Modern in not only form but also in materials, this Tokyo home is constructed from a 100% recyclable concrete developed by the architects, Atelier Tekuto. Sand is typically the main ingredient in concrete, but this type contains shirasu, which is a deposit from the pyroclastic flow of volcanic ash. Supplies are abundant in southern areas of the country, making it a readily available material. The resulting material is strong and durable and also has the ability to help control humidity and odors. Because the construction site is small, the focus was vertical, starting with a sound-insulated room for music and movies in the basement to a second floor filled with living spaces. The high ceiling and large triangular window at the top make the modestly sized house feel much more open.

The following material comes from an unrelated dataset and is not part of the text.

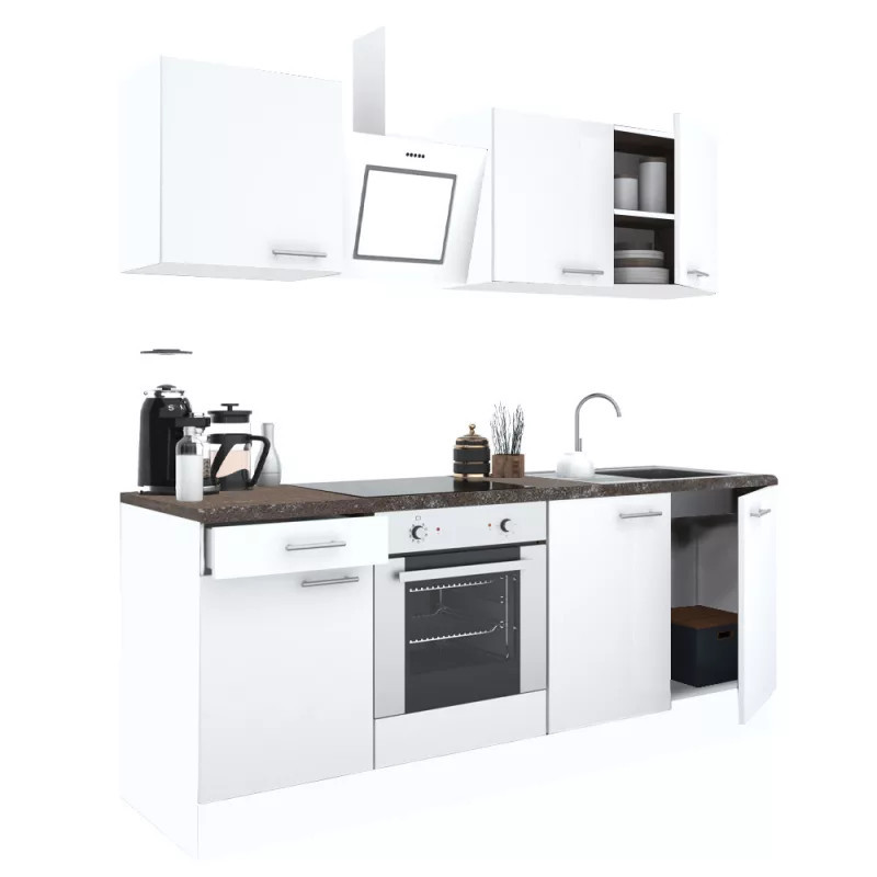 Mobilier de bucătărie modular de înaltă calitate, produs în țară, care va satisface nevoile oricărui client. Corp fabricat din placă de mobilier laminată de 16 mm , de culoare albă. Când este asamblat, pinii ombilicali și șuruburile de confirmare îl fac suficient de solid. Blatul de lucru este fabricat dintr-o singură piesă deasupra elementelor și are o grosime de 38 mm .

Tokyo, March 24 2015 – R-Torso-C House by Atelier Tekuto.

Angular Monolith

Amid the traditional homes in a Noda neighborhood, this concrete brutalist Japanese house stands out for its severe angles and massive front window. Sited near a swath of parkland, the home offers fantastic views while maintaining privacy for the other areas within. Designed by fuse-atelier, the two-story home features levels that are connected by one continuous path through the residence, ending up on the roof where the elevated terrace is. Inside, the space is just as angular as the exterior, exuding a strong sense of minimalism, and is filled with natural light from the large picture window as well as a skylight.

An Ode to Concrete

Smack in the middle of Tokyo sits this tiny home that is, in essence, an ode to concrete. The couple that owns the property asked Atelier Tekuto to create a residence that was made only from concrete for everything — the floors, walls, tables, seats and counters. The site itself presented difficulties in construction because the width of the road in front restricted the size of the machinery that could be brought in. On the inside, natural light is brought in through small windows on the sides of the building and larger skylights at the top. Called “Magritte,” the house was inspired by the surrealist’s work and is meant to represent the massive concrete block’s escape from gravity.

Faceted Urban Residence

Despite the small size of the lot, these Tokyo homeowners wanted a covered parking space, which led Atelier Tekuto to create this home with many exterior facets, resembling a gem or mineral. Rather than just a typical cantilevered construction, the designers carved the space out of the front of the structure creating a small plaza-like space at the corner. Using “mineral” and “reflection” as guides for the design, the home’s space seems to change with the intensity of the light, both inside and out. The interior of the home is partly defined by the varying ceiling lines that are created by the shape of the polyhedron.